Die Suche nach Verbündeten
Doch inzwischen hat sich das Blatt gegen Erdogan gewendet. Die wirtschaftlichen Daten stimmen schon längst nicht mehr froh, die Korruption hat sich bis in die Familien von Ministern vorgefressen. Auch Erdogan blieb von den Ermittlungen von Staatsanwälten und der Polizei nicht verschont und sein Sohn geriet ins Visier der Ermittelnden. Erdogan fühlte sich immer mehr an die Wand gestellt und machte in seiner Panik folgenschwere Fehler: zuerst ließ er nacheinander viele Staatsanwälte versetzen bzw. vom Dienst suspendieren. Und danach wurden Hunderte führende Polizeibeamte und gar Polizeidirektoren in mehreren Provinzen entweder in die Zentrale zurückbeordert oder strafversetzt.

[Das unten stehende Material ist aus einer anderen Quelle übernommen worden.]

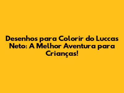Com os desenhos para colorir do Luccas Neto, a diversão é garantida. As crianças vão adorar colorir seus personagens favoritos e criar suas próprias histórias. E vocês, pais e responsáveis, vão adorar ver a alegria e a criatividade de seus filhos. Então, não percam tempo! Comecem agora mesmo a colorir e a se divertir!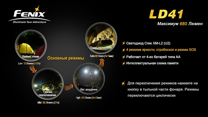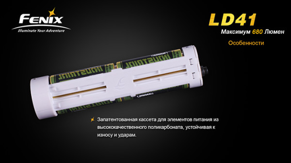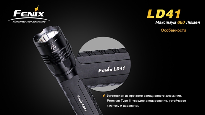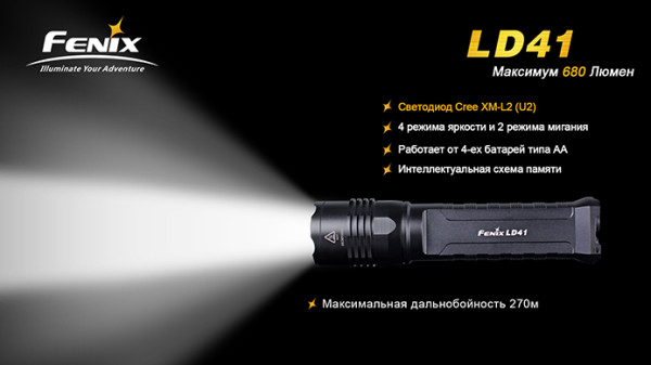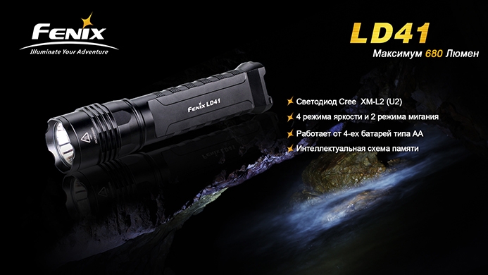 Фонарь Fenix LD41 с диодом Cree XM-L U2 — это обновлённая версия более раннего Fenix LD41 XM-L. Модель отличается повышенной яркостью (680 люмен против 520 люмен у предшественника). Очень надёжный, компактный и мощный фонарик идеально подойдёт для туристов, спелеологов, поисковиков и любителей прочего экстремального отдыха.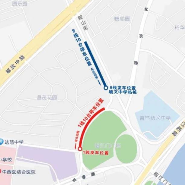 (1)长春路建行停车场,在中西医结合医院站乘坐8线公交车,临江广场站下车。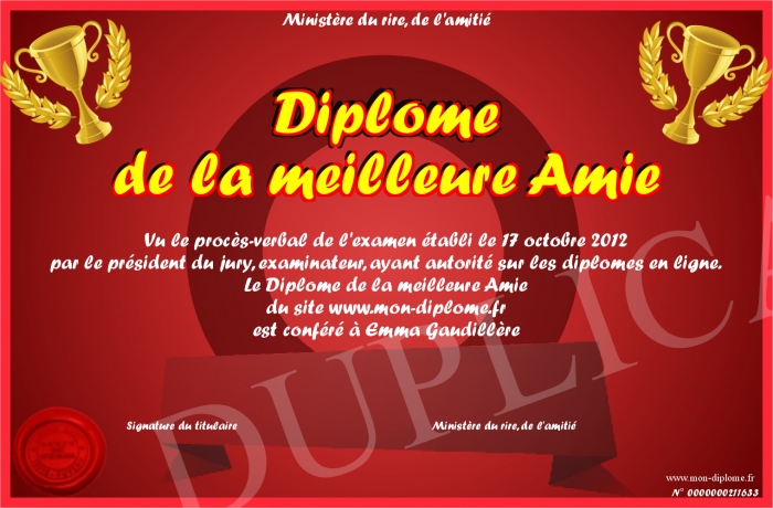 Envoyez par email votre Diplome de la meilleure Amie personalisé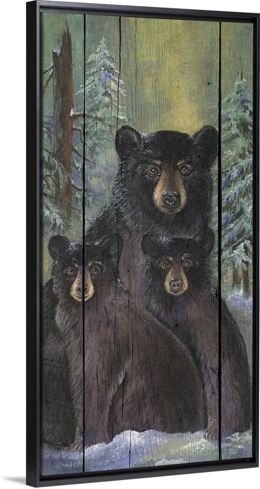 <p>Vertical panoramic artwork of three bears in the snow with a forest behind them painted on wood planks.</p>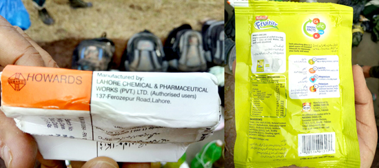 Drugs manufactured by Howards at Lahore Chemical and Pharmaceutical Works (Private) Limited, 137-Ferorezepur Road, Lahore, juice packets of National Fruitily at National Foods Limited 160-C, S.I.T.E, Karachi Pakistan and Nestle Milk, Made in Pakistan were also recovered from the slain militants, which indicated that the militants had been sent by Pakistan with the objective of carrying out suicide attack on security installations on this side. The food and juice packets and drugs were meant for prolonging the gunbattle.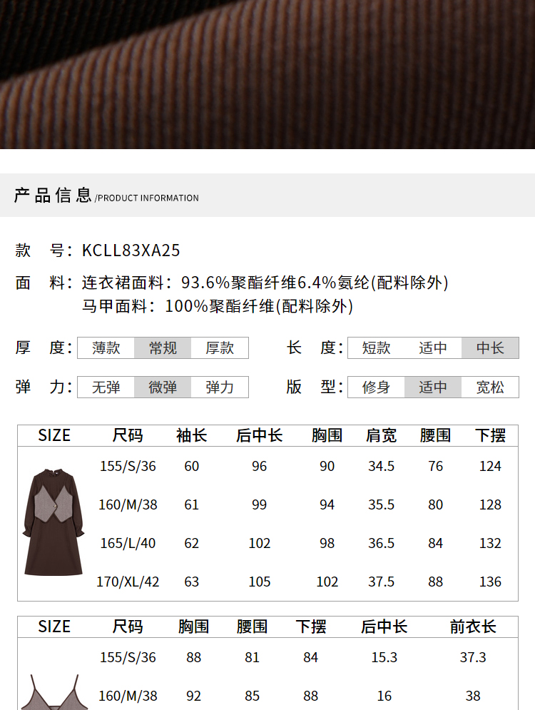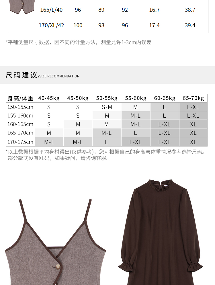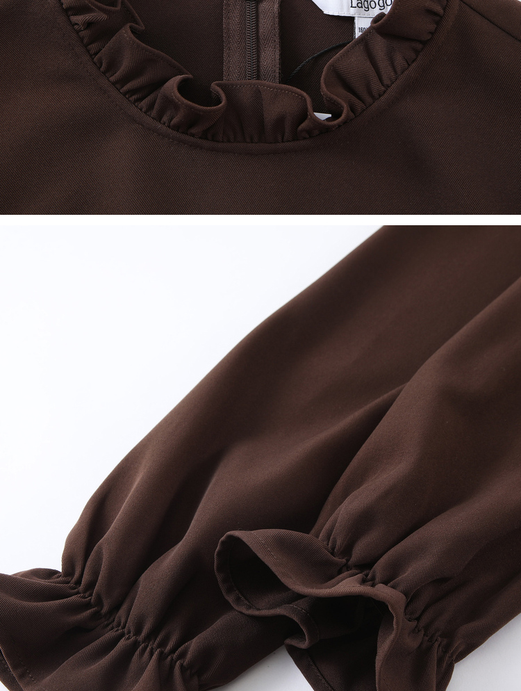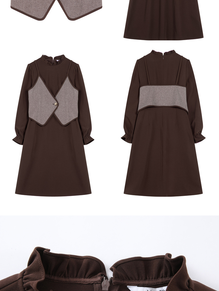 Lagogo拉谷谷2021冬季新款咖啡色泡泡袖连衣裙两件套女a字中长裙KCLL83XA25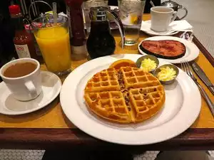 Everything here was delicious and the service was great. Great coffee! The best part of the meal was the pecan waffle. Lots of big pecan pieces, fluffy with just enough crunch. A must try. Great historic atmosphere.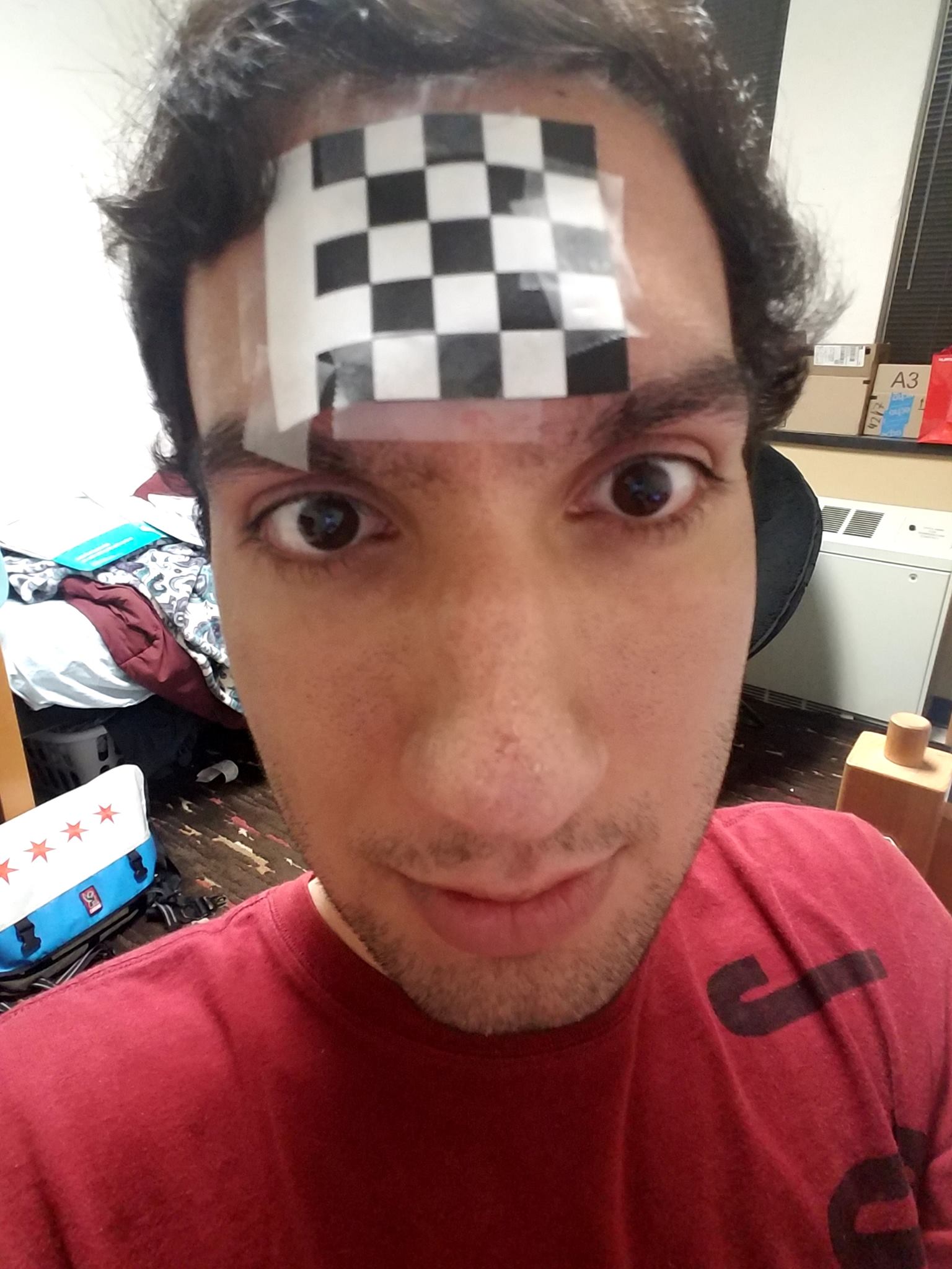3×3 was the largest that I could get to fit on my forehead, so I decided to get a printout of a chessboard with smaller square sizes, and cut out a 5×5 piece to test it as 4×4 and this is the outcome: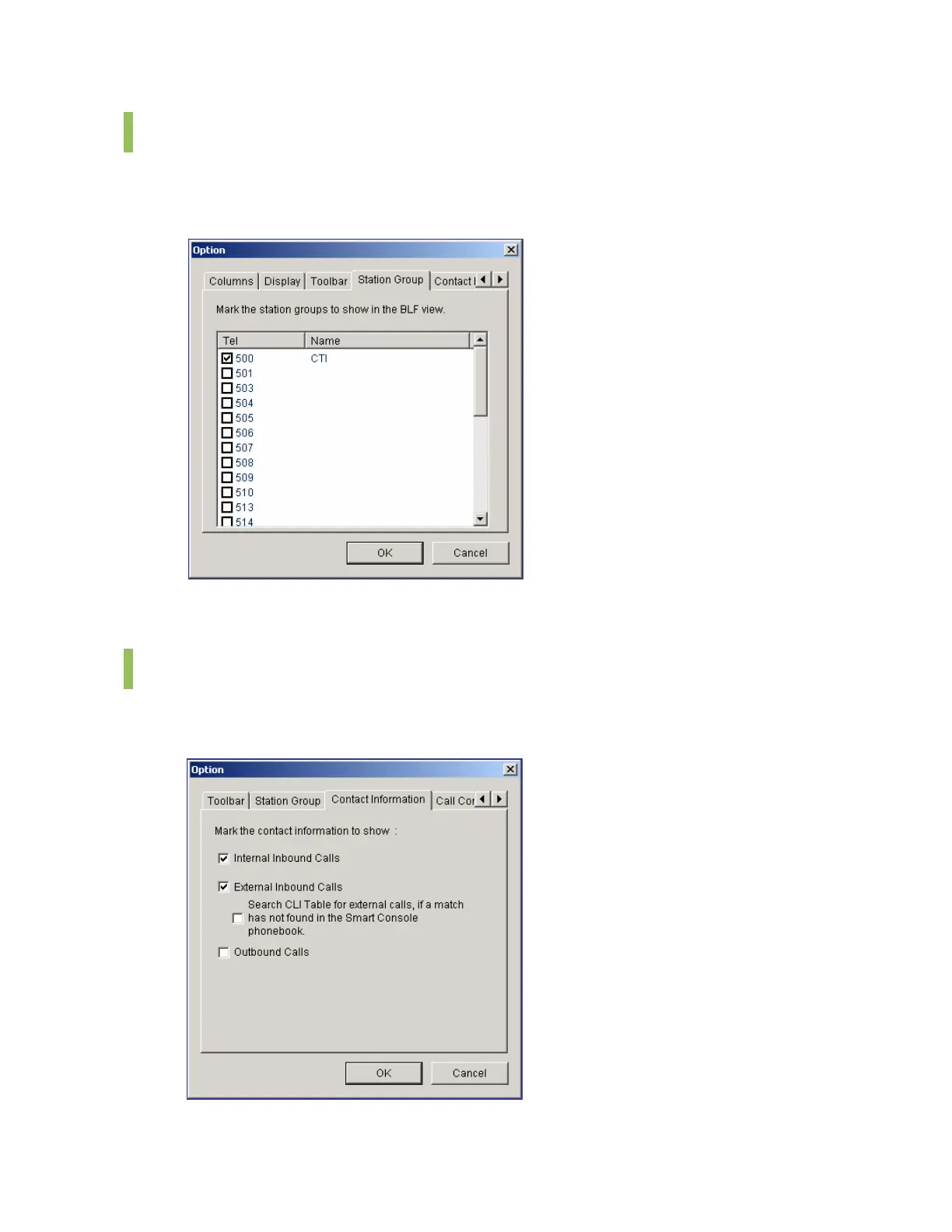This tab enables the user to set whether to display the CID of an incoming station call,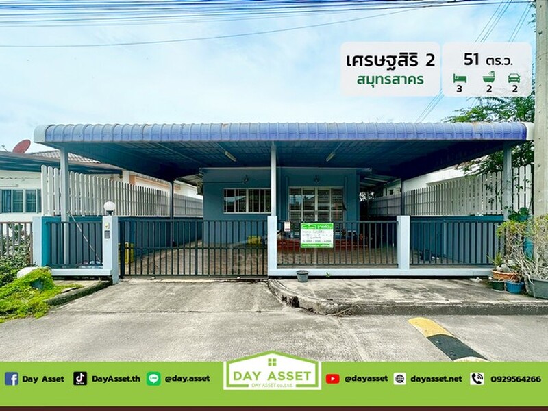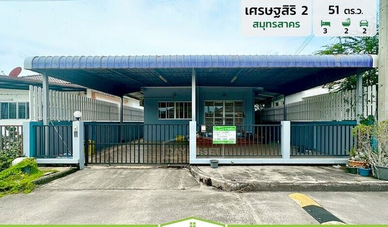 ขายบ้านเดี่ยวชั้นเดียว หมู่บ้านเศรษฐสิริ 2 สมุทรสาคร : Setthasiri 2 Samut Sakhon มีพื้นที่่รอบตัวบ้านกว้าง ใกล้แหล่งชุมชน เดินทางสะดวก ใกล้ตลาดมหาชัย เนื้อที 51 ตร.ว. ขายเพียง 2,690,000 ล้านบาท.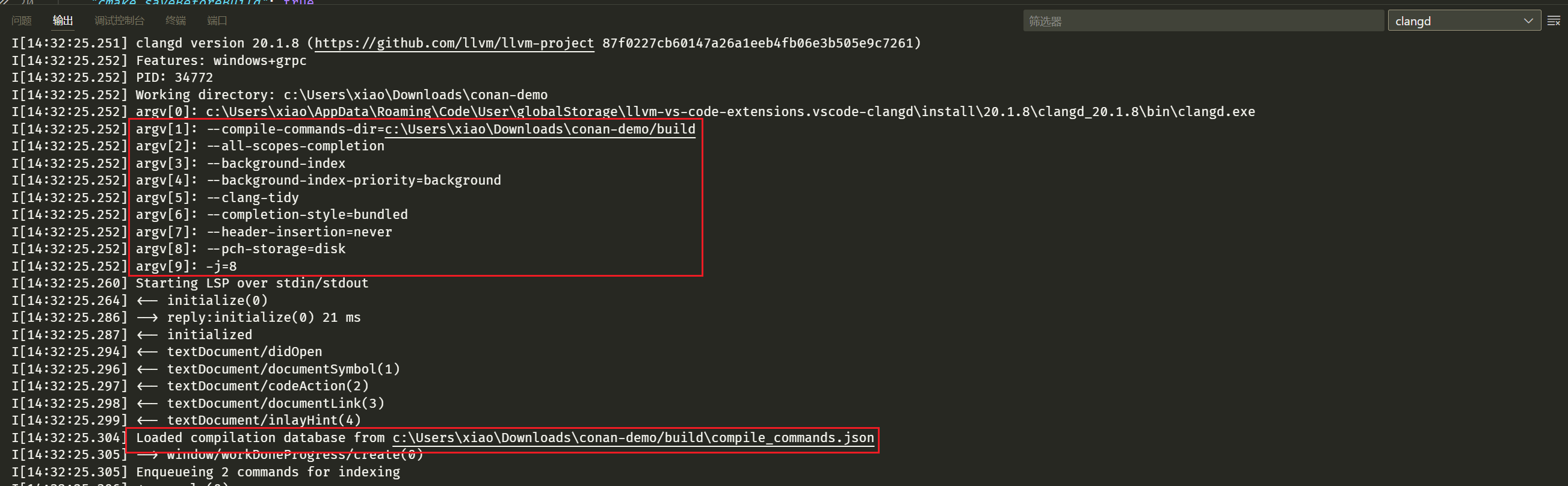 并在输出中观察 clangd 是否正常工作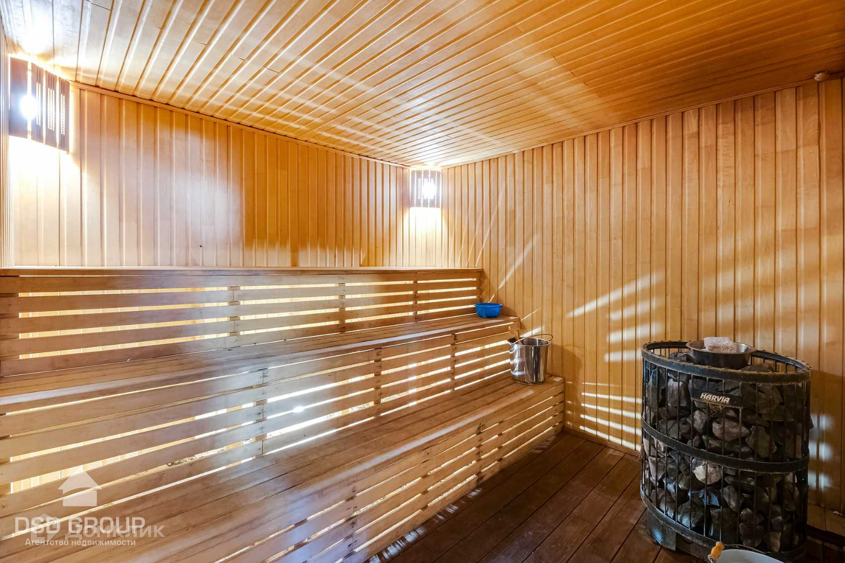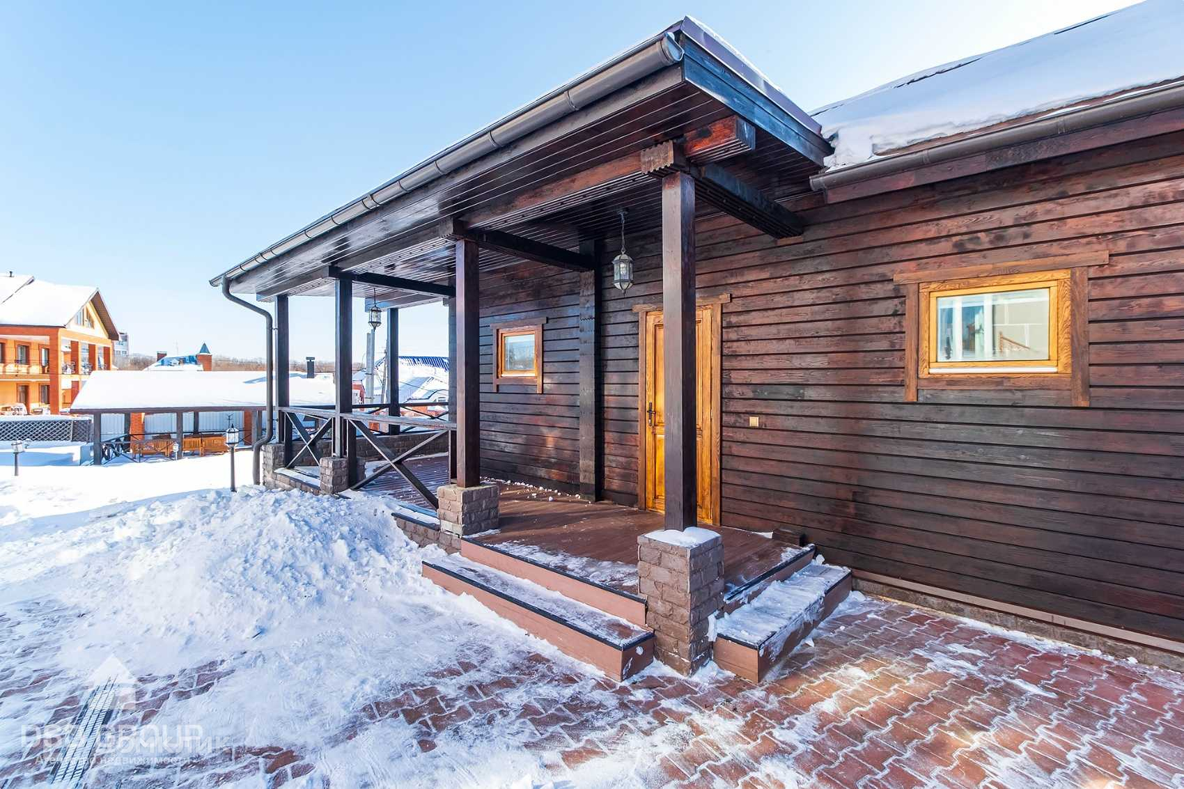 - Просторная баня с большой террасой, с двумя раздевалками, с шикарной парилкой, сан узлом, отдельной комнатой где размещается посудомоечная машинка, баня была привезена из Сибири, где была изготовлена по индивидуальному проекту из профилированного бруса сибирской сосны.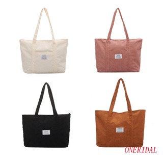 Túi Tote Đeo Vai Vải Nhung Kẻ Có Khóa Kéo Sức Chứa Lớn Phong Cách Vintage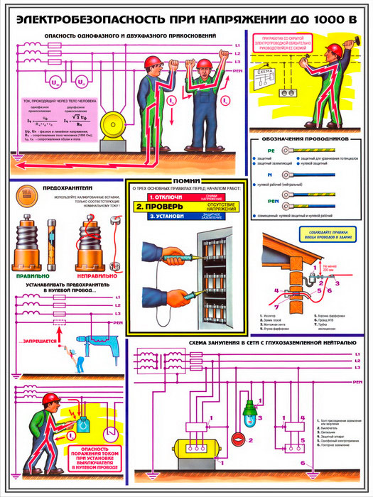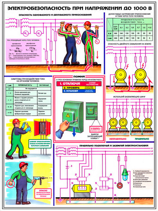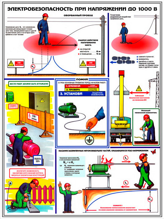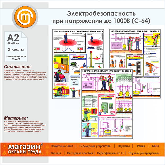 Плакаты «Электробезопасность при напряжении до 1000В» (С-64, ламинированная бумага, А2, 3 листа) в Химках купить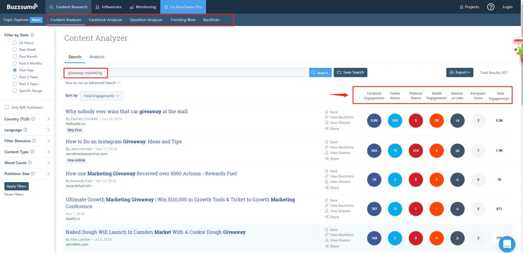 Buzzsumo可以帮助你找到你想找的内容相关的最火的文章!搜索“giveaway marketing”,你就可以看到在社媒里最火的文章(按社媒总分享次数排名)。然后你就可以分析这些文章为什么这么火,会给你带来很多收获!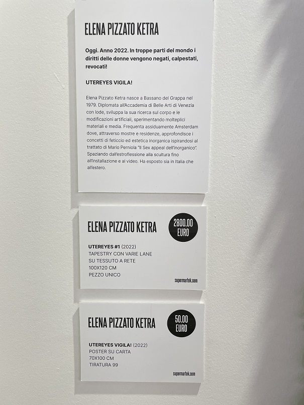 Opere di denuncia come quelle di Elena Pizzato Ketra in cui l’artista grida: “Oggi. Anno 2022. In troppe parti del mondo i diritti delle donne vengono negati, calpestati, revocati “rappresentando grandi organi femminili muniti di occhio “Utereyes Vigila!”

Die Justiz, die bis vor einigen Monaten noch ohne Widerspruch Erdogan zur Erreichung seiner Ziele unterstützt hatte, wurde vom Regierungschef im Verlauf von Korruptionsermittlungen des Putschversuchs beschuldigt. Es wurde einsam um Erdogan. Ratlos auf der Suche nach neuen Verbündeten scheut er inzwischen nicht mal davor zurück, die Verfahren gegen die verurteilten früheren Kommandierenden der Armee neu aufzurollen - weil sie "Opfer von Verschwörungen" geworden sein könnten. So möchte er die Offiziere auf seine Seite gewinnen.
Erdogan möchte Präsident werden
Nein, Erdogan sitzt längst nicht mehr so fest im Sattel wie noch bis vor kurzem. Schuld daran ist nicht zuletzt der seit 1999 in den USA lebende Prediger Fethullah Gülen. Seiner nach ihm benannten Bewegung wird nachgesagt, Teilbereiche des Staatsapparats wie Justiz und Polizei unterwandert zu haben, um Erdogan weiter zu schwächen. Gülen ist inzwischen in der Türkei sehr mächtig. Darüber hinaus findet er mit seiner These über die Fähigkeit des Islam zur Koexistenz mit der Demokratie auch international immer mehr Gehör.
Wie es in der Türkei, dem für Europas Interessen besonders wichtigen Land, weitergehen wird, ist noch nicht zu erkennen. Die landesweiten Kommunalwahlen Ende März könnten Aufschluss darüber geben, ob Erdogans AKP mit einer Wiederholung oder gar mit einem Ausbau des Stimmenanteils von zuletzt 50 Prozent bei den Parlamentswahlen vor drei Jahren rechnen kann. Das wäre nicht zuletzt deshalb wichtig, weil die Amtszeit von Staatspräsident Abdullah Gül Ende August ausläuft. Von Erdogan ist bekannt, dass er zu gerne selbst Präsident einer Türkei mit einem Präsidialsystem sein möchte. Seine Chancen darauf sind allerdings nach seinem gescheiterten Krisenmanagement seit Sommer vergangenen Jahres stark gesunken.